Je m’associerai et je voterai contre, je pense qu’il y a un danger.
Évidemment, on comprend, il y a des écoles mieux adaptées, etc., etc. En fait, qu’une seule personne soit l’interface, je ne vois pas ce que cela change. Mon gamin est en maternelle, je vais voir la directrice de la maternelle. Mon gamin est en élémentaire, je vais voir celle de l’élémentaire.
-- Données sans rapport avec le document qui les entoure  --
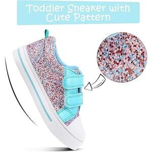 K KomForme Little Girls Size 12 Blue Pink Glitter Hook Loop Strap Sneaker Shoes

Il ne me serait jamais venu à l’idée d’aller voir celle de la maternelle avec mon gamin en élémentaire, donc je ne vois pas du tout l’intérêt.
Le Maire : Merci.
Le CONSEIL MUNICIPAL,
Vu le Code général des collectivités territoriales, notamment l’article L.2121-30,
Vu le Code de l'éducation, notamment l'article L.212.1,
Vu la proposition de Madame l’Inspectrice de la Circonscription, de regrouper l’école maternelle et élémentaire du groupe scolaire Léopold Gardey,
Considérant la vacance du poste de directeur de l’école élémentaire Léopold Gardey à la rentrée 2022/2023,
Considérant que la fusion des écoles maternelle et élémentaire Léopold Gardey permettra une continuité pédagogique depuis la classe de Petite Section jusqu'au CM2,
Considérant qu'elle permettra également l'optimisation de l'utilisation des locaux et l'harmonisation du fonctionnement du groupe scolaire,
Vu l'avis favorable des conseils d'école en dates des 11 et 18 octobre 2022,
Vu l’avis de la commission 3 - Petite Enfance, Scolaire, Périscolaire, Jeunesse, en date du 21 novembre 2022,
Après en avoir délibéré, PAR 24 VOIX POUR (les élus de la majorité + Catherine TCHORELOFF et Patrice COLLET) et 4 VOIX CONTRE (Thierry PRADÈRE, Adrienne RESSAYRE, David TREILLE, Christine QUENTIN).
• Autorise la fusion des écoles maternelle et élémentaire Léopold Gardey,
• Dit que ladite école sera désormais dénommée « École primaire Léopold Gardey »,
• Autorise Monsieur le Maire ou son représentant à signer tout document s'y rapportant.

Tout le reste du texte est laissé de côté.